Need more prompt fake running glidein detection
The OSG GFactory has noticed that for some sites the rundiff often grows really fast, resulting in very few glideins actaully running on the site most of the time.
We need tools that allow us to spot the fake running glideins, so we can prompty remove them.
#2 Updated by Igor Sfiligoi over 5 years ago
My suggested solution would be to periodically poll all the served VO collectors, and compare the advertised glidein attributes with what we have in our own queues.
There is enough information in the glidein classads to make the exact mapping.
If a glidein is not seen several times in a row (to account for both delays and occasional classad drop), a glidein is marked as "fake running".

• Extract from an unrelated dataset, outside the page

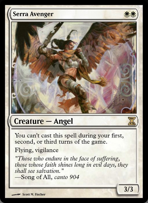 You can't cast Serra Avenger during your first, second, or third turns of the game.

Automatic removal may be an option, but having a "report only" mode would be also highly desirable.
- Do we have the collector information we need?
- What kind of security envelope do we want to operate under (the GF itself does not have a credential)
- How often do we want to poll, and how many missed polls are needed to declare a glidein fake.
#3 Updated by Parag Mhashilkar over 5 years ago
- Target version set to v3_2_x
To start with we can come up with a standalone tool that can operate using the info in glideclient classad.
- We already have info about the collector in form of GlideinParamGLIDEIN_Collector = "fermicloud030.fnal.gov:9619-9620"
- We can use switchboard and VO specified proxies for querying if need be but in most cases collectors are open for read access
- Once we under the implication from running it as a tool, we can decide on the frequency of polling
If we do not care about marking each fake glidein and just care about the run diff, we can use info in glideclient classads to account for total reported glideins.
#4 Updated by Igor Sfiligoi over 5 years ago
- Priority changed from Normal to High
It's a bit annoying that we only have the sub-collectors, due to the sheer number of them.
But should be manageable nevertheless.
And I am all for having a separate script, at least in the beginning.
PS: Raising the priority, since it is not an isolated problem... OSG GF is again in the same situation for several sites, and it has a significant impact on operations.